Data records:
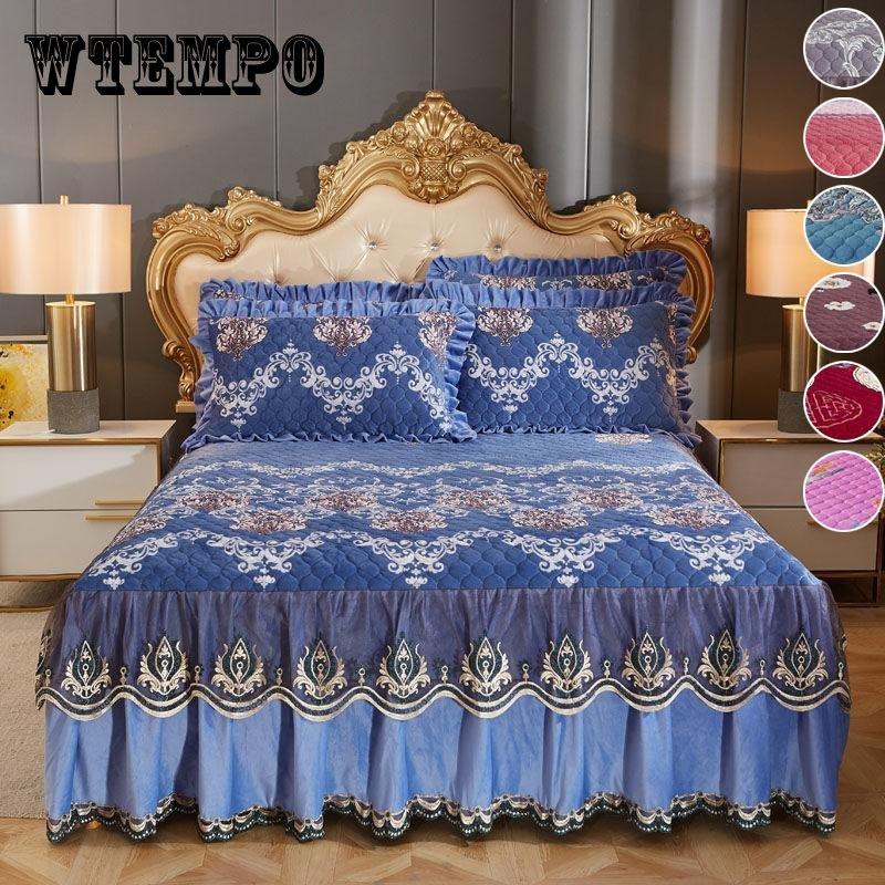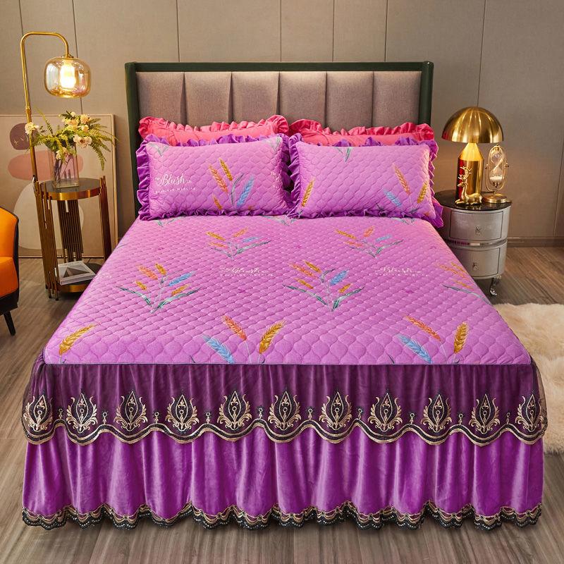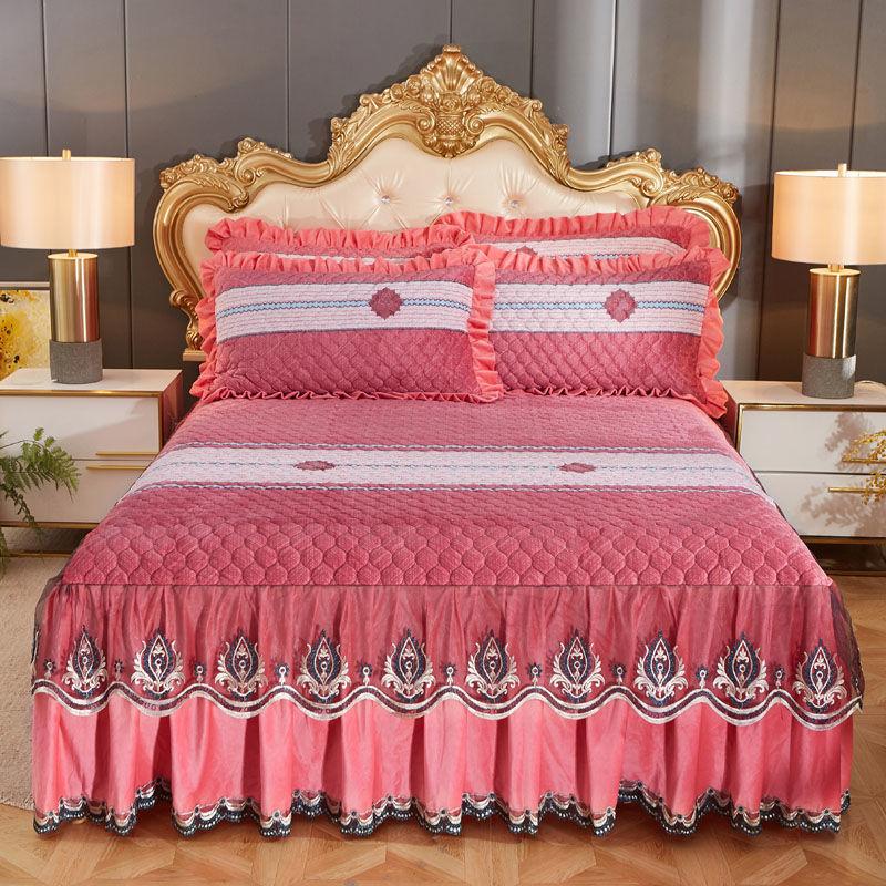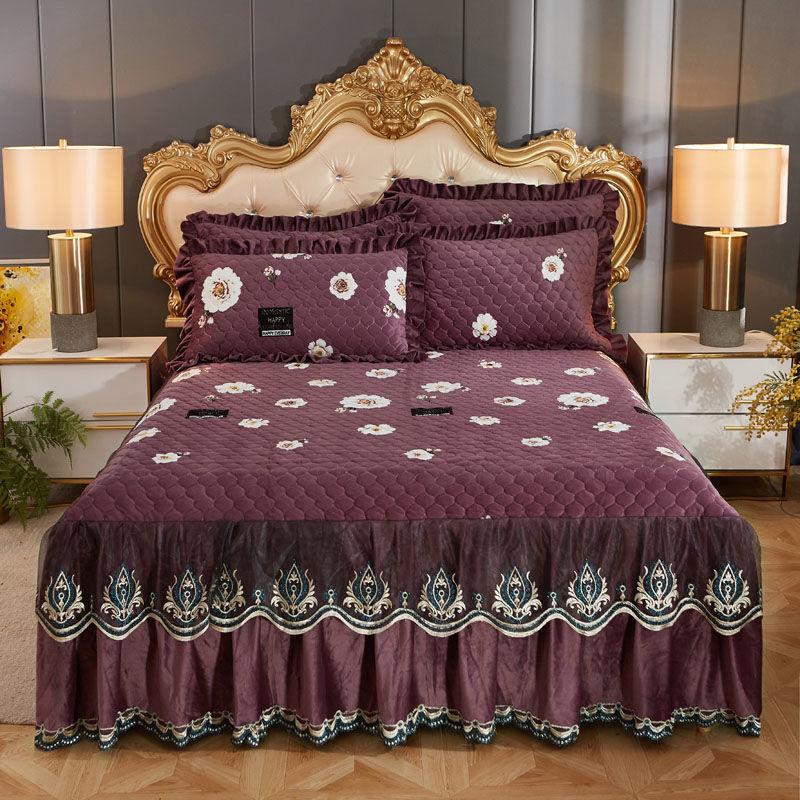 Нескользящее теплое покрывало, утолщенное зимнее постельное белье, юбка, высококачественная бархатная юбка-кровать с кристаллами, наволочки, комплект из трех предметов
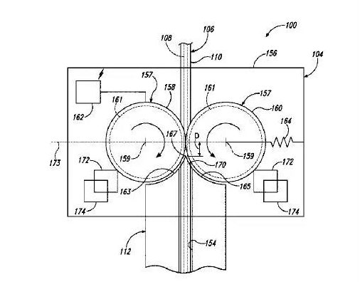 根據(jù)性能要求來設計材料。其基本原理包括,通過輸送機構推動絲材的運動來實現(xiàn)連續(xù)的3D打印過程,其中絲材包括非樹脂組分和光聚合樹脂組分。進給機構包括相對的輥子和與至少一個相對的輥子接觸的刮刀。
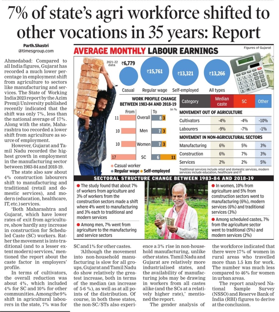 Ahmedabad: Compared to all India figures, Gujarat has recorded a much lower percentage in employment shift from agriculture to sectors like manufacturing and services. The State of Working India 2023 report by the Azim Premji University published recently indicated that the shift was only 7%, less than the national average of 17%. Along with the state, Maharashtra too recorded a lower shift from agriculture as source of employment.
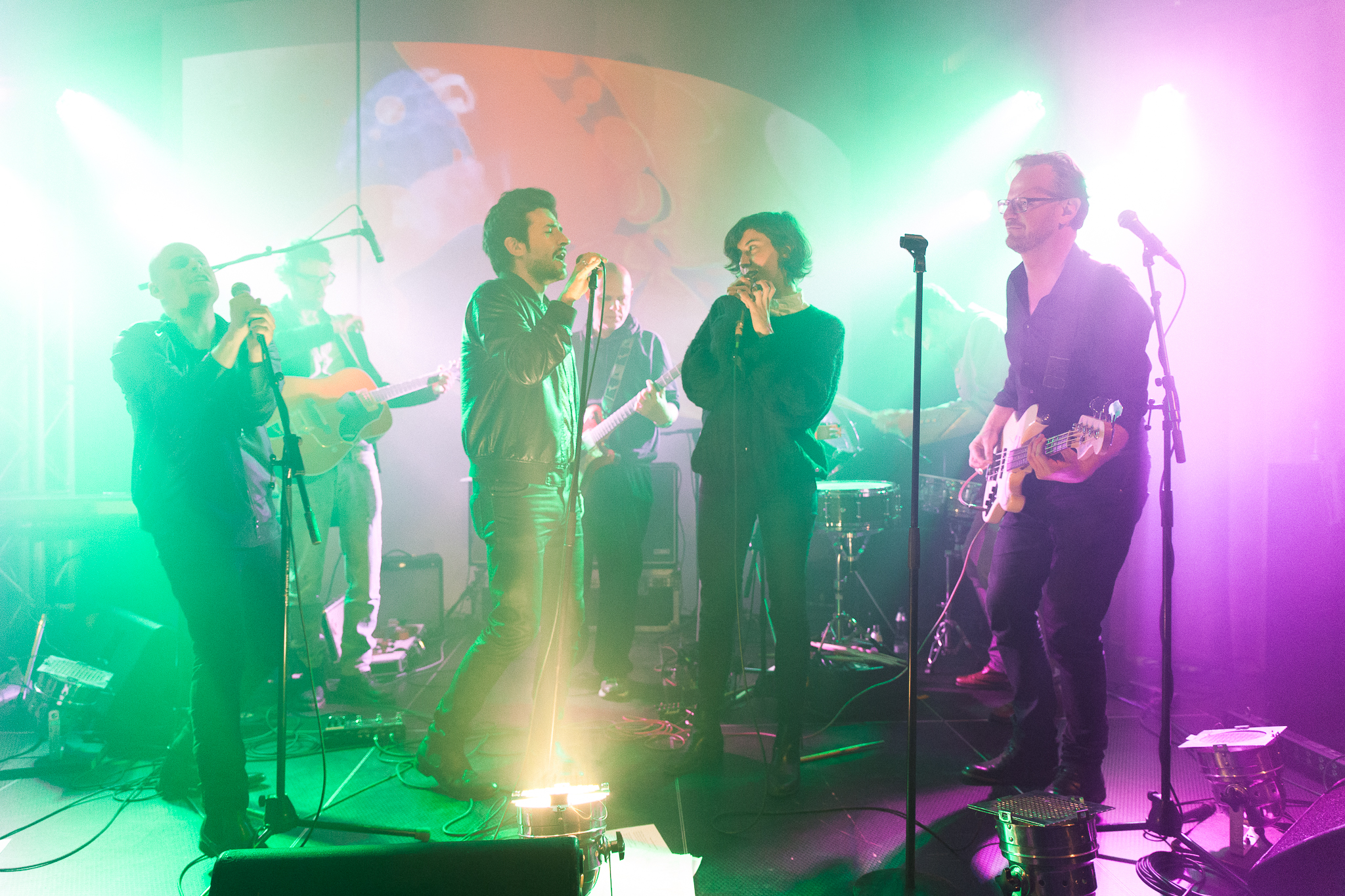 Was Christian Fuchs und David Pfister, die beiden Köpfe der Band Die Buben im Pelz, textlich vollbringen ist nicht weniger als eine zeit- und sinngemäße Transformation der Lou Reed Lyrics des ersten Velvet Underground Albums ins Wienerische. Es ist ein theatralisches Konzert, mit Rock’n’Roll-Gesten, guten Gastmusikern und trashigen Visuals. Die Freundinnen geben dem Ganzen eine gute Form, es wirkt wie eine Art Staffellauf der Klischees und ist eine Verbeugung vor denen, die solcherlei vorher schon praktizierten: schwitziger Hände-Rock und Performance in Leder mit Schmerz und Pathos. Die Performerinnen und Performer wirken familiär miteinander: Dorit Chrysler gibt die Nico 2.0 mit einer großen Eleganz, sie haucht „Olle faden Parties“ („All Tomorrow’s Parties“) und meint es auch. Anna Atar aka Monsterheart ist die androgyne Kätzin, die den Songs einen roten Faden verleiht. Boris Bukowski ein würdiger Interpret des uninterpretierbaren „Heroin“. Der Abend ist ein Theaterstück, ein Stück über Wien, über New York, das Heute und Damals. Wien könnte das neue New York sein, wenn man den Buben im Pelz glauben will. Es stört nicht, dass die Liedtexte abgelesen werden, wichtig ist das Timing! – „Die bessere Lederjacken-Boyband“, meint unsere Fotografin.
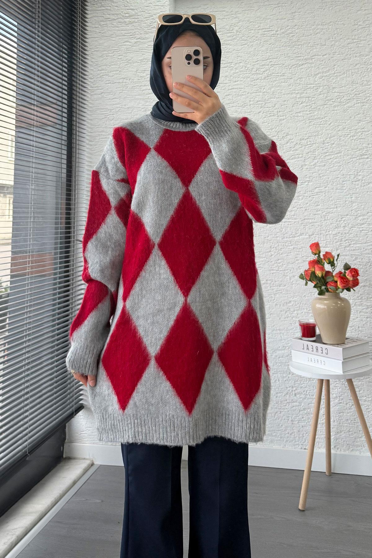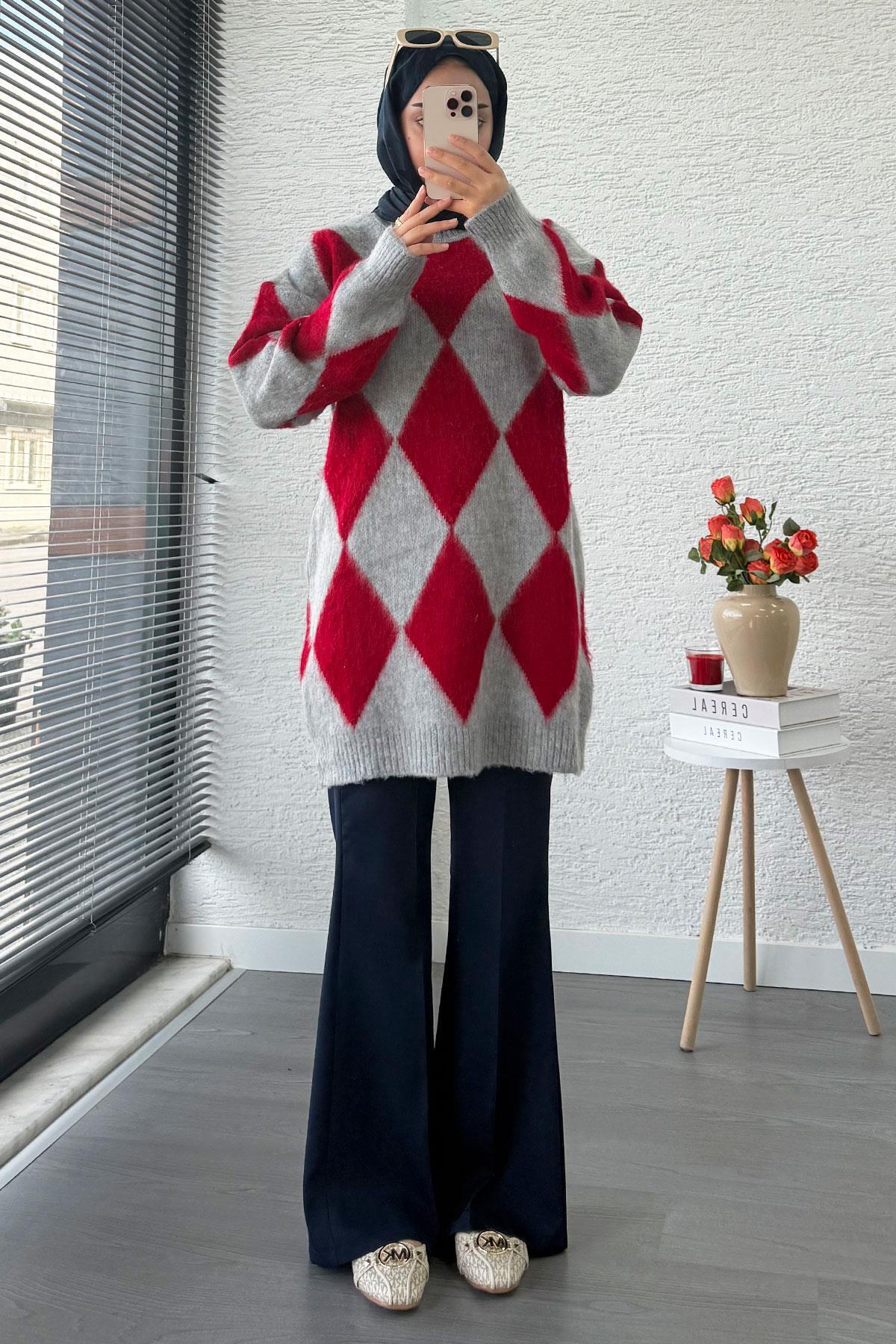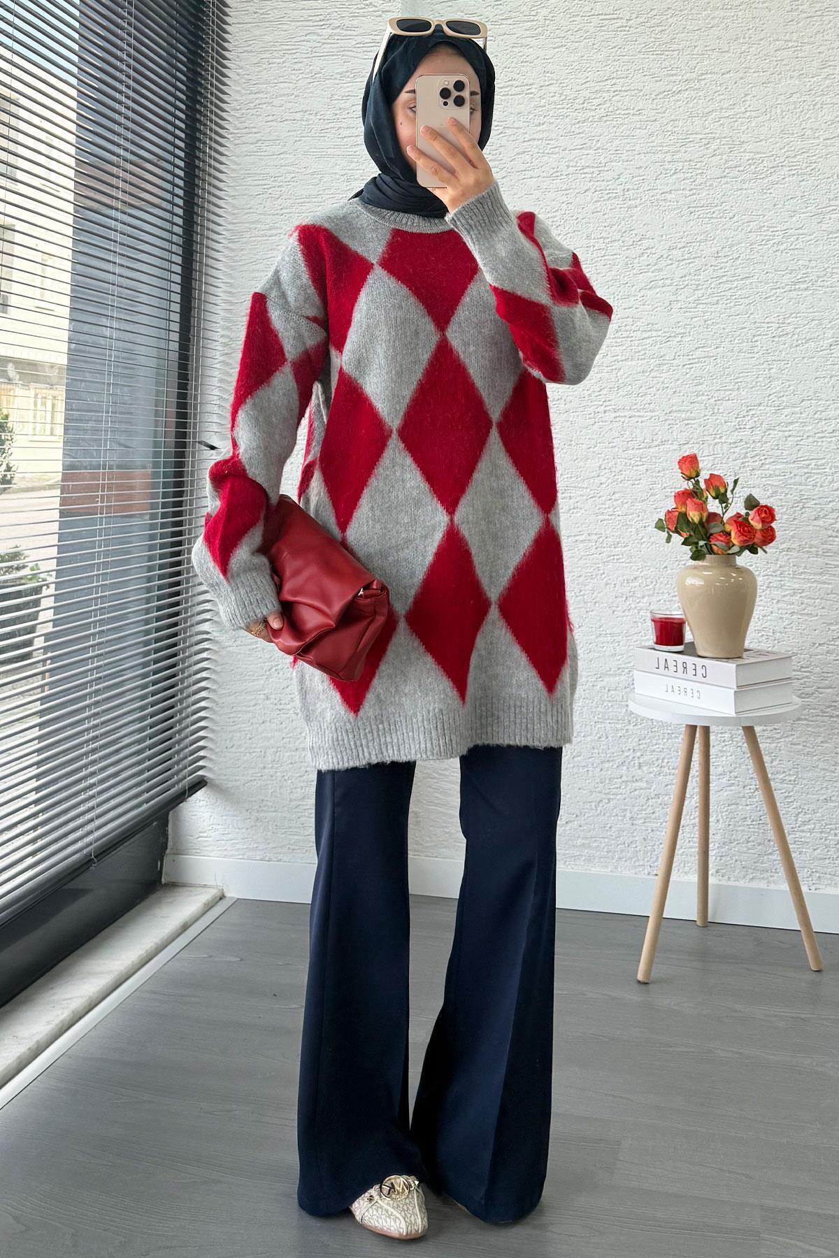 Baklava Desen Yumoş Triko Kadın Kazak – Kırmızı Baklava Desen Yumoş Triko Kadın Kazak – Kırmızı mlk15621 Standart

--- Task brief ---
From the records above, transcribe exactly the lines starting at the one containing "根據(jù)性能要求來設計材" and ending at the one containing "Ahmedabad: Compared to". Skip the pictures.

--- Exercise output ---
 根據(jù)性能要求來設計材料。其基本原理包括,通過輸送機構推動絲材的運動來實現(xiàn)連續(xù)的3D打印過程,其中絲材包括非樹脂組分和光聚合樹脂組分。進給機構包括相對的輥子和與至少一個相對的輥子接觸的刮刀。
 Ahmedabad: Compared to all India figures, Gujarat has recorded a much lower percentage in employment shift from agriculture to sectors like manufacturing and services. The State of Working India 2023 report by the Azim Premji University published recently indicated that the shift was only 7%, less than the national average of 17%. Along with the state, Maharashtra too recorded a lower shift from agriculture as source of employment.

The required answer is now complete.